Re: [PATCH][BZ #14417] Unlock mutex before going back to waitingfor PI mutexes
- From: Torvald Riegel <triegel at redhat dot com>
- To: Siddhesh Poyarekar <siddhesh at redhat dot com>
- Cc: libc-alpha at sourceware dot org
- Date: Sat, 29 Sep 2012 20:32:32 +0200
- Subject: Re: [PATCH][BZ #14417] Unlock mutex before going back to waitingfor PI mutexes
- References: <20120921195115.2319b183@spoyarek>
Siddhesh,
conceptually, I think the patch is okay. I do have a few
questions/comments regarding the implementation, however.

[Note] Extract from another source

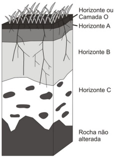 02. [UNICAMP]: Solo é a camada superior da superfície terrestre, onde se fixam as plantas, que dependem de seu suporte físico, água e nutrientes. Um perfil de solo é representado na figura abaixo. Sobre o perfil apresentado é correto afirmar que:

(Disclaimer: I don't deal with asm code often, so I might have missed a
thing or two.)
On Fri, 2012-09-21 at 19:51 +0530, Siddhesh Poyarekar wrote:
> /* Normal and PI futexes dont mix. Use normal futex functions
> only
> if the kernel does not support the PI futex functions. */
> cmpl $-ENOSYS, %eax
Perhaps add a comment here too that says that you only expect 0,
-EAGAIN, and -ENOSYS? (Or perhaps add an assertion right away?)
> @@ -204,12 +200,12 @@ __pthread_cond_wait:
> cmpl 8(%esp), %edx
> jne 7f
> cmpl 4(%esp), %edi
> - je 8b
> + je 22f
>
> 7: cmpl %ecx, %edx
> jne 9f
> cmp %eax, %edi
> - je 8b
> + je 22f
>
> 9: addl $1, woken_seq(%ebx)
> adcl $0, woken_seq+4(%ebx)
> @@ -285,6 +281,22 @@ __pthread_cond_wait:
> jmp 20b
>
> cfi_adjust_cfa_offset(-FRAME_SIZE);
> +
> + /* We need to go back to futex_wait. If we're using
> requeue_pi, then
> + release the mutex we had acquired and go back. */
I think the point here is not just that we're using requeue_pi, but that
we did that AND 16(%esp) is true iff the syscall did not return EAGAIN.

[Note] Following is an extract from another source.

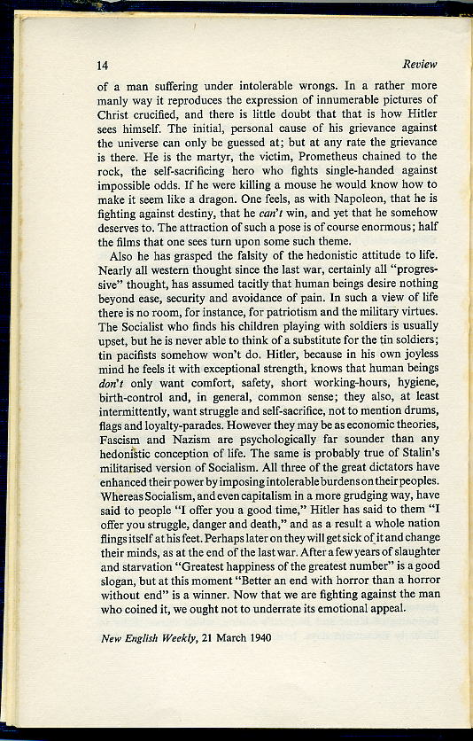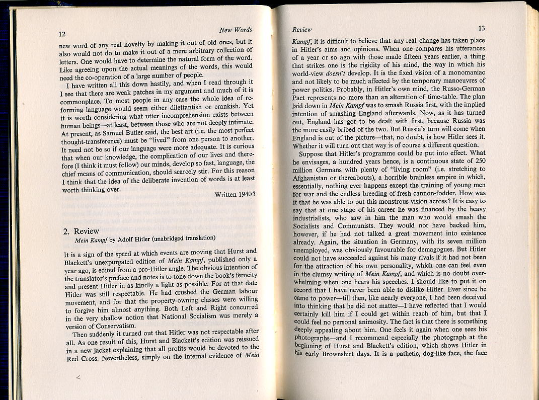 Orwell reviews Hitler's Mein Kampf 1940 (wants it put on record never able to dislike Hitler). Spectator, May 28, 2012

Then I'd prefer to either have a comment why we need to do this (in
comparison to the non-PI-aware base algorithm), or refer to the x86_64
code for additional docs.
>
> +22: movl 16(%esp), %edx
> + test %edx, %edx
> + jz 8b
> --- a/nptl/sysdeps/unix/sysv/linux/x86_64/pthread_cond_timedwait.S
> +++ b/nptl/sysdeps/unix/sysv/linux/x86_64/pthread_cond_timedwait.S
> @@ -103,7 +103,7 @@ __pthread_cond_timedwait:
> mov %RSI_LP, dep_mutex(%rdi)
>
> 22:
> - xorl %r15d, %r15d
> + xorb %r15b, %r15b
>
> #ifndef __ASSUME_FUTEX_CLOCK_REALTIME
> # ifdef PIC
> @@ -190,18 +190,36 @@ __pthread_cond_timedwait:
> movl $SYS_futex, %eax
> syscall
>
> - movl $1, %r15d
> + cmpl $0, %eax
> + sete %r15b
> +
> #ifdef __ASSUME_REQUEUE_PI
> jmp 62f
> #else
Did you test with __ASSUME_REQUEUE_PI defined? Shouldn't this jump be
after the EAGAIN checks? Or is this because you only expect ENOSYS as
only other error code you need to handle here? A comment perhaps?
> - cmpq $-4095, %rax
> - jnae 62f
> + je 62f
> +
> + /* If we raced for the futex with someone else, the syscall
> may return
We don't race for the futex (what does that mean?). I think we should
say "if the futex_wait was interrupted by a change to the futex
variable" or something like that.
> + an EAGAIN. Act as if you did a regular FUTEX_WAIT and
> returned
> + successfully from it. Let the sequence numbers hold you
> back if
> + you were not supposed to be woken up. That way, you don't
> forget
> + to take the mutex lock on your way out.
IMHO, I find that hard to understand. Perhaps be a bit more verbose?
Just pointing out the differences to the non-PI base algorithm might
also be useful.
> We retry using normal
> + futex functions only if the kernel returned ENOSYS, since
> normal
> + and PI futexes don't mix.
> +
> + Note that we don't check for EAGAIN specifically; we assume
> that the
> + only other error the futex function could return is EAGAIN
> (barring
> + the ETIMEOUT of course, for the timeout case in futex)
> since
> + anything else would mean an error in our function. It is
> too
> + expensive to do that check for every call (which is quite
> common in
> + case of a large number of threads), so it has been skipped.
> */
I would be surprised if a single branch after a syscall would be a
measurable performance degradation. Not sure what the policy for this
is, but I'd prefer an abort or such if we get a return value we didn't
expect. Also, if we get frequent spurious wake-ups, then this branch is
the smallest part of the overhead.